Giunti a questo punto si inizia a essere stanchi. Qualche filler si accoda al singolo-pacco “The Devil In I”, “Custer” è l’episodio più estremo del cd, anche se alla lunga stanca. “The Negative One” la conosciamo già tutti, e a dire il vero non me l’aspettavo così in fondo alla tracklist. La conclusiva “If Rain Is What You Want” chiude la versione standard in modo quasi claustrofobico, anche se “The Burden” (la trovate nella special edition) fa ancora di meglio, raggiungendo vette di inquietudine e furiosa rassegnazione che avrebbero dovuto trovare spazio ben prima.
In sostanza, questo lavoro piacerà ai fan della band, felici di avere ancora materiale inedito (complessivamente di buona qualità) da ascoltare; quindi sarà certamente un successo in classifica e riporterà il combo a rivaleggiare con gli Avenged Sevenfold, nuovi alfieri del metallo moderno americano.

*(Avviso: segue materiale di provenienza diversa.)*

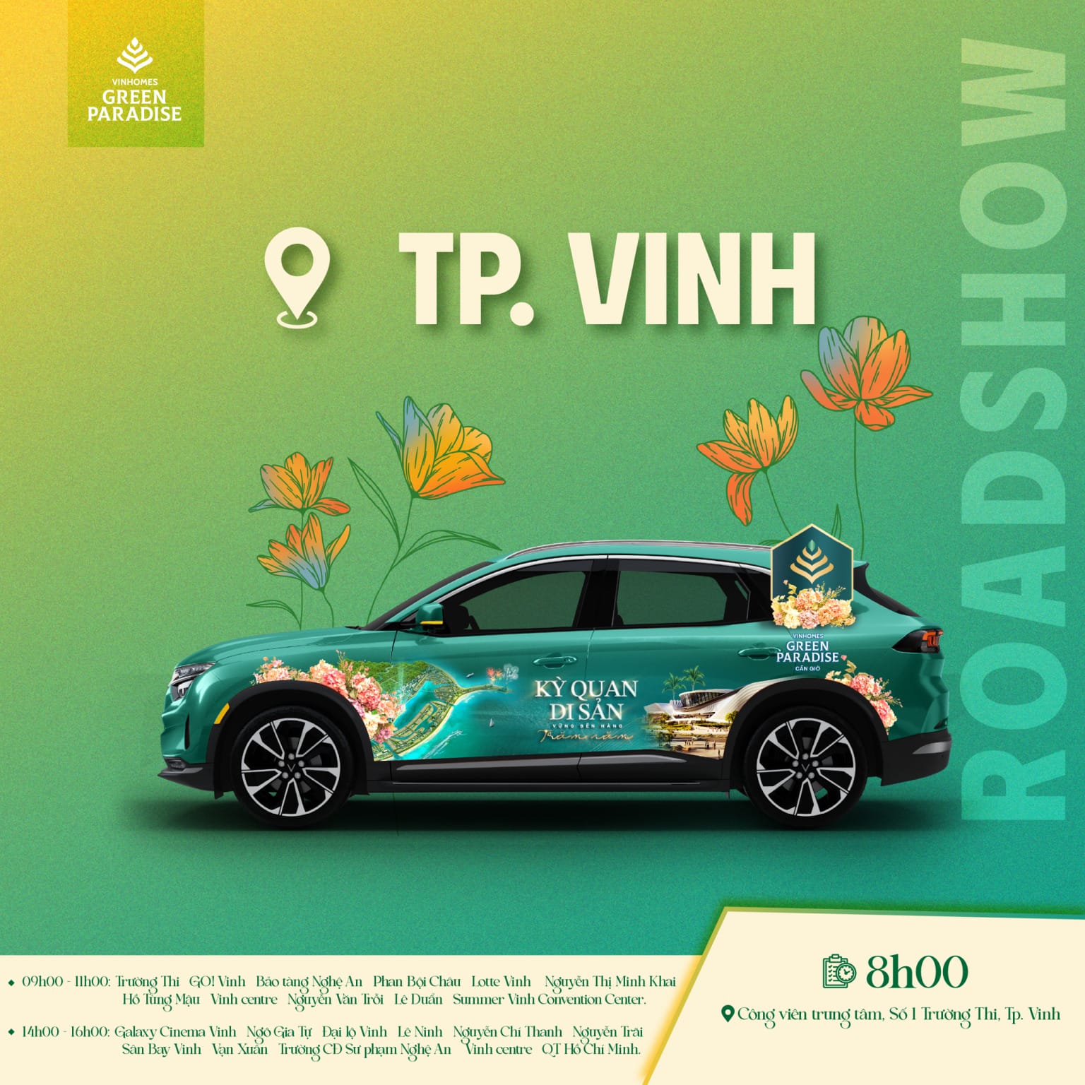 Chiến dịch roadshow được tổ chức đồng thời tại nhiều thành phố lớn như Hà Nội, TP Hồ Chí Minh và TP Vinh, với sự tham gia của hàng trăm chiến binh sales cùng đoàn xe VinFast mang nhận diện thương hiệu dự án.

Gli Slipknot, per lo meno dall’esterno, pare abbiano smarrito quella direzione univoca e condivisa, nichilista e folle che li portò al successo con i dischi del 1999 e del 2001. “The Gray Chapter” rimarrà inevitabilmente un punto d’arrivo, almeno in studio. Detto questo, il disco contiene tutti i trademark dei Nostri assemblati alla meglio, in modo da accontentare le differenti correnti musicali presenti in una line-up tanto abbondante.